> _LISTED ENTRIES_:
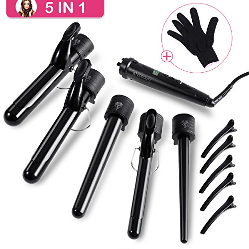 ETEREAUTY 5 in 1 Curling Iron Set with LCD Screen and Temperature Control and Heat Protective Glove
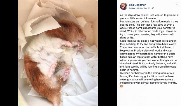 丽莎在脸书上想向网友告知这个讯息,因为很多人搞不好就因为这样把他们的仓鼠活埋了…丽莎说:“福吉是我女儿莉莉的仓鼠,我只是祈祷他会醒来。我不想告诉她他已经死了。福吉很冷,据我所知,仓鼠原本是来自温暖的气候,所以他们会有这种『假死状态』其实就是冬眠,我原本也不知道,是几年前我养的一只仓鼠也是这样突然活过来我才知道的。”
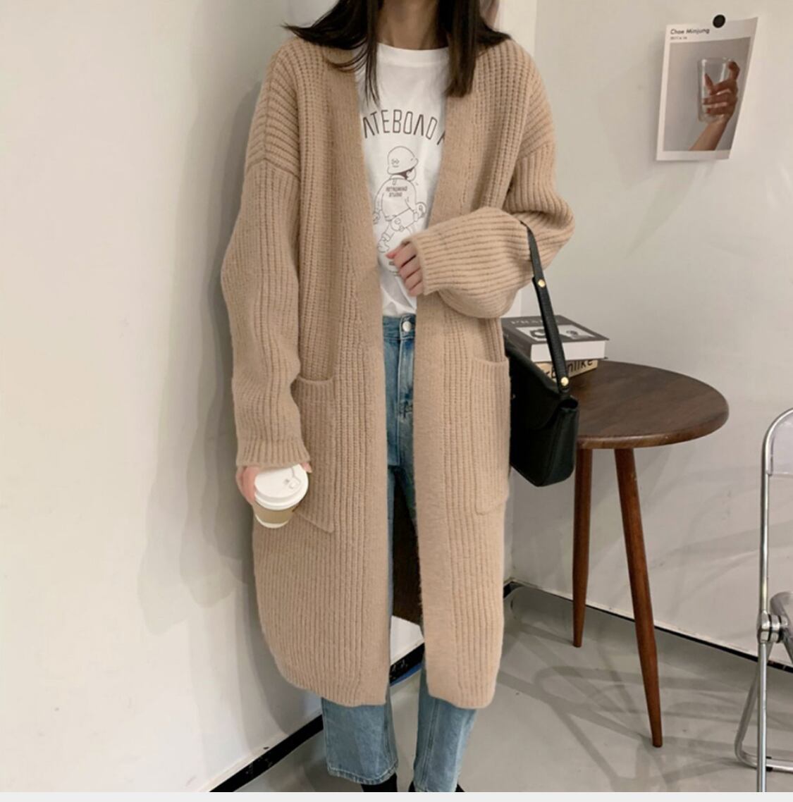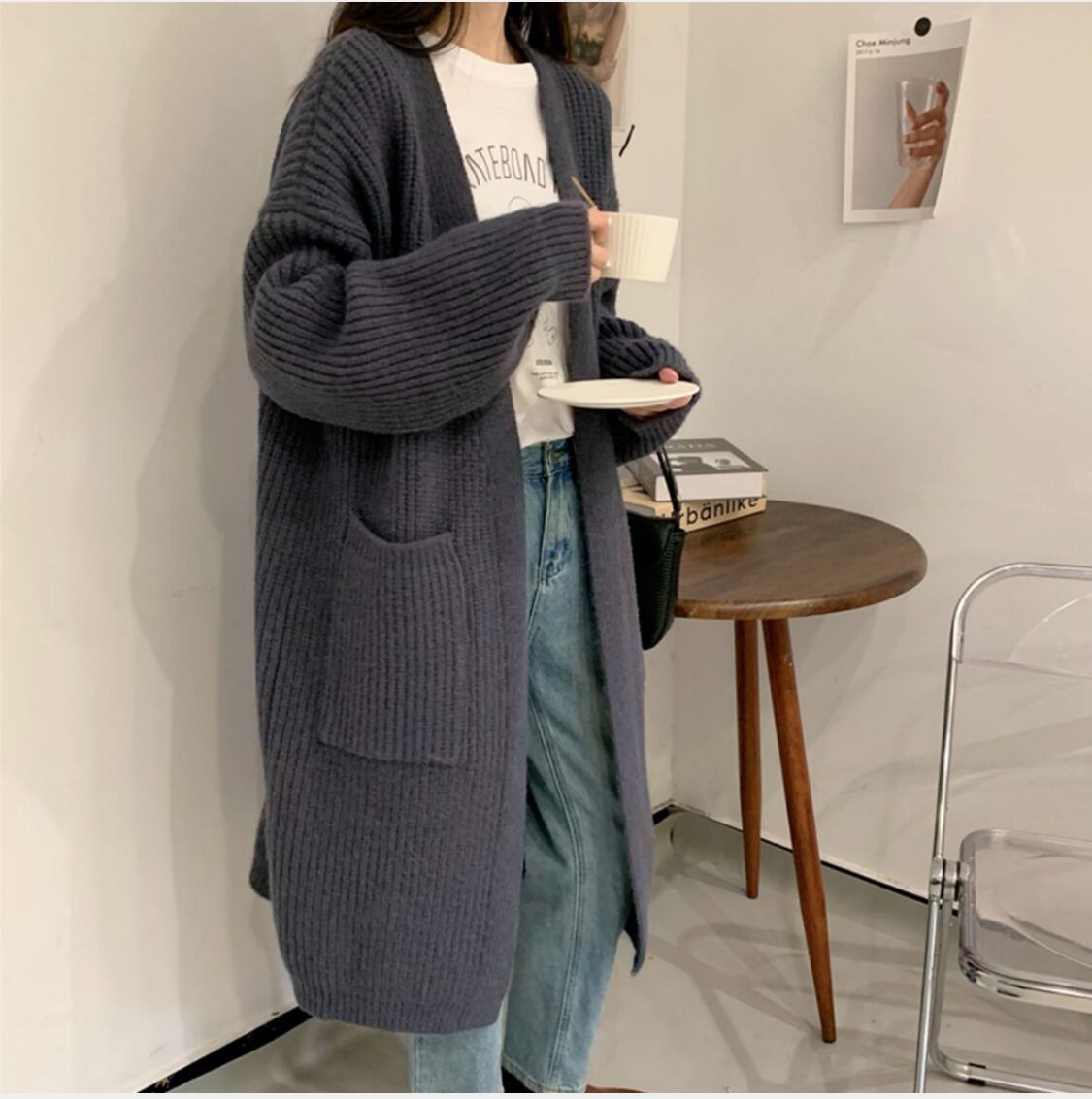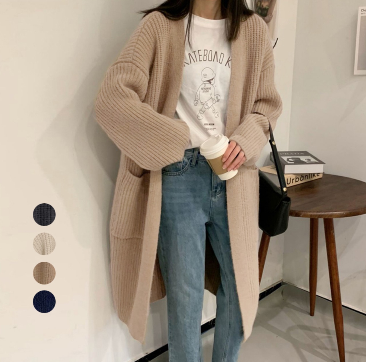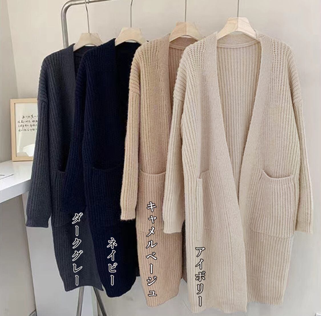 楽ちんアウター無地 厚手ニットコート 韓国風羽織り 秋冬
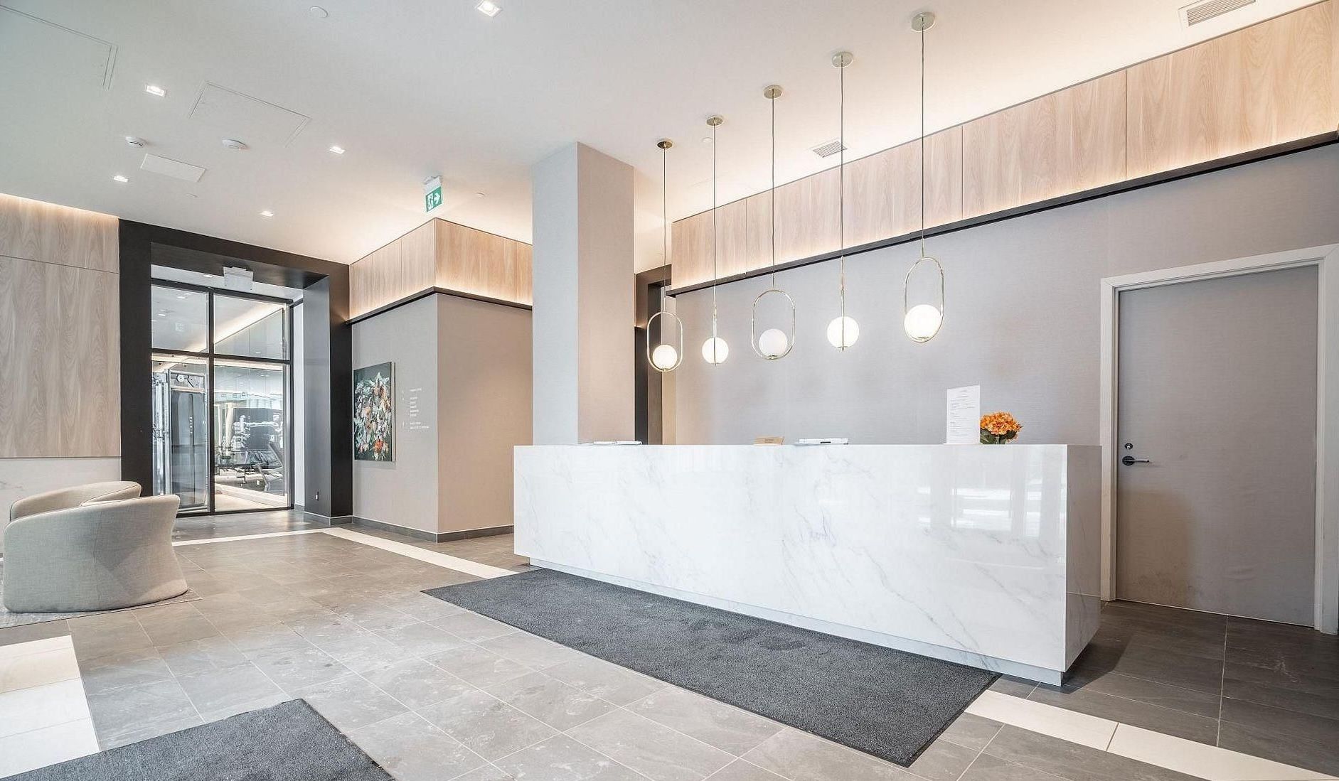 • Premium amenities include a fitness center and stylish co-working lounge.
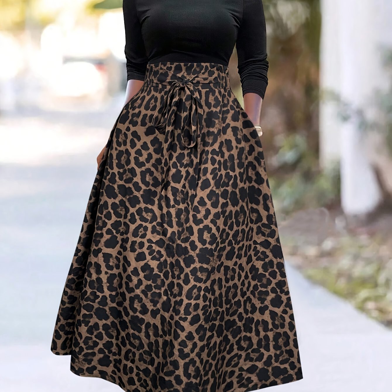 TEMU 핫한 여성 트렌디 프린트 캐주얼 허리끈 리본 우아한 다용도 커뮤터 스타일 A라인 스커트
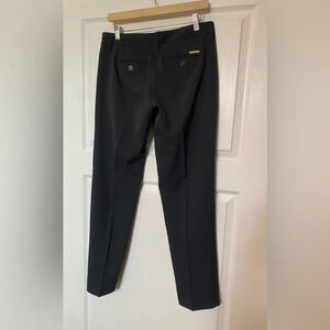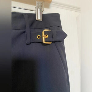 Beautiful crop dress pants with front pleat, zipper and button, as well as stunning gold buckle details. Classic lines, these pants are so chic!

> _YOUR TASK_: Reproduce the listing word for word, but keep the pictures out of it.

> _ANSWER TO THIS EXERCISE_:
 ETEREAUTY 5 in 1 Curling Iron Set with LCD Screen and Temperature Control and Heat Protective Glove
 丽莎在脸书上想向网友告知这个讯息,因为很多人搞不好就因为这样把他们的仓鼠活埋了…丽莎说:“福吉是我女儿莉莉的仓鼠,我只是祈祷他会醒来。我不想告诉她他已经死了。福吉很冷,据我所知,仓鼠原本是来自温暖的气候,所以他们会有这种『假死状态』其实就是冬眠,我原本也不知道,是几年前我养的一只仓鼠也是这样突然活过来我才知道的。”
 楽ちんアウター無地 厚手ニットコート 韓国風羽織り 秋冬
 • Premium amenities include a fitness center and stylish co-working lounge.
 TEMU 핫한 여성 트렌디 프린트 캐주얼 허리끈 리본 우아한 다용도 커뮤터 스타일 A라인 스커트
 Beautiful crop dress pants with front pleat, zipper and button, as well as stunning gold buckle details. Classic lines, these pants are so chic!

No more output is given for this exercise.